= Antonio A. Feliz =

American religious leader

Antonio A. Feliz is the founder and was the first president of the Restoration Church of Jesus Christ, a historical denomination in the Latter Day Saint movement that was founded to serve the spiritual needs of gay, lesbian, bisexual, transgender, and intersex Latter Day Saints.

Prior to the founding of the Restoration Church of Jesus Christ, Feliz was a member of the Church of Jesus Christ of Latter-day Saints (LDS Church). Feliz was a high priest in the church and had served as a bishop and a temple sealer. During the 1970s, Feliz was employed by the LDS Church as the Director of Church Welfare for the Andean Region of the church. In the early 1980s, Feliz was employed at Park College in Parkville, Missouri, which at the time was affiliated with the Reorganized Church of Jesus Christ of Latter Day Saints (now Community of Christ).

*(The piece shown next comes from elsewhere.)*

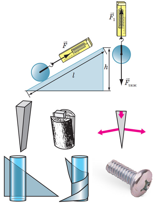 Похила площина – наступний простий механізм, який є незамінним, коли треба підняти вантаж. Чим пологіший ухил площини, тим легше виконати цю роботу. Різновидом похилої площини є клин та гвинт. Вони можуть змінювати напрям та значення прикладеної сили.

On August 23, 1985, Feliz — who had been excommunicated from the LDS Church for his homosexual activities — and five other members of the Los Angeles chapter of Affirmation: Gay and Lesbian Mormons founded the Church of Jesus Christ of All Latter-day Saints, which was later renamed the Restoration Church of Jesus Christ. Feliz served as the first president of the church for only eight months, when he was ousted for making changes to the church without the consent of its members.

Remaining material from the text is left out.